The minuteman system was a land based intercontinental ballistic missile system constructed during the cold war. The missiles were in underground silos as were the control bunkers. These silos and control bunkers were hardened against nuclear attack by being underground with thick concrete walls. They were located in remote rural areas.

All portions of the Minuteman systems were made with the most reliable components. The system was analyzed for possible failures in great detail, as were the high reliability individual components used to build it. Millions of dollars were spent on reliability analysis to reduce the chances of a false missile launch due to some failure. Individual and combinations of failures were analyzed to determine what would happen.

At one time I worked next to a couple of engineers who were on call to investigate the rare Minuteman failures. We sometimes talked about their investigations. We also discussed a review of the reliability predictions after the system was in the field a number of years.

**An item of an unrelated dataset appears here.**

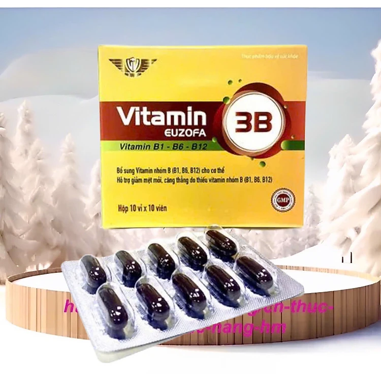 Vitamin 3B Euzofa, hộp 100 viên nang mềm, hỗ trợ giảm mệt mỏi, căng thẳng do thiếu vitamin nhóm B

In reviewing the reliability predictions the statistical estimates of failure rates were quite good for all the thing considered in the analysis. Everything the reliability people could think of was included in the original analysis. However, this only predicted about half the real failures! The other half were things no one even considered. To understand why these failures were not considered I will relate two examples.

1 A nuclear hardened underground cable failure:

Signals failed to go through some of the wires in a cable between two underground locations. This cable was buried underground and encased in a hardened covering designed to withstand nuclear attack. The cable was dug up to find the problem.

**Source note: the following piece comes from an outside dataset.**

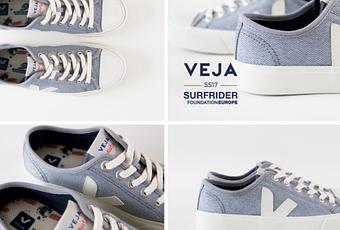 La nouvelle collection Veja, de coté, reste en Europe : Une paire de baskets façon denim, fabriquée entièrement en matériaux recyclés, Imaginées en collaboration avec l'association Surfrider Foundation Europe.
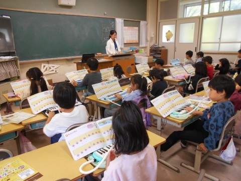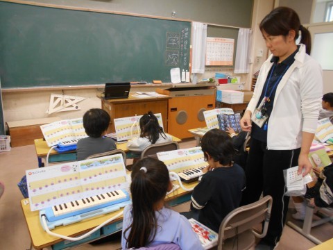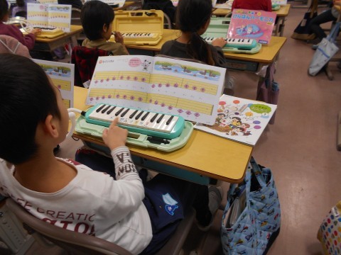 「もぐりっちょ」を鍵盤ハーモニカで演奏します。ドレミファソまで使ってゆびおくりもある曲ですが,先生にシールを貼ってもらえるようにがんばっています。

It was discovered that in one spot the hardened covering was worn away and several wires cut. This was apparently done by a determined gopher or gophers. The cable intersected one of their tunnels and they considered it an inconvenience. They nipped at it thousands of times until they wore through the hardened outer shell and into the wires causing the failure. Gophers were not considered in the failure analysis.

2. Strange intermittent computer failure.

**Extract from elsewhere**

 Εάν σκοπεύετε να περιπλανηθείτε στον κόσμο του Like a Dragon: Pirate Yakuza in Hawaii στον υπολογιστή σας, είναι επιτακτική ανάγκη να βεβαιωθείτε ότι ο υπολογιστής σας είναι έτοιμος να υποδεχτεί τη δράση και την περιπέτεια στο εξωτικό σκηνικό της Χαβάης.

A computer in one of the underground control bunkers began exhibiting strange intermittent errors that the hardware failures analysis could not explain. Possible computer failures had been analyzed in great detail. The things happening in this computer could not be explained by any known combination of components with potentially intermittent behavior.

Upon investigation a mouse nest was found in the computer. A mouse had found a warm place out of the North Dakota winter to raise a family. No one knew how the mouse got in through the thick concrete walls. As the baby mice urinated in various spots, this would sometimes short out wires on the computer board until the urine dried and no longer conducted electricity well enough to cause a problem.

The Lesson Learned:

In complex systems it is almost impossible to predict all of problems that can and will occur.

Note that the Minuteman system is orders of magnitude simpler than many parts of our infrastructure.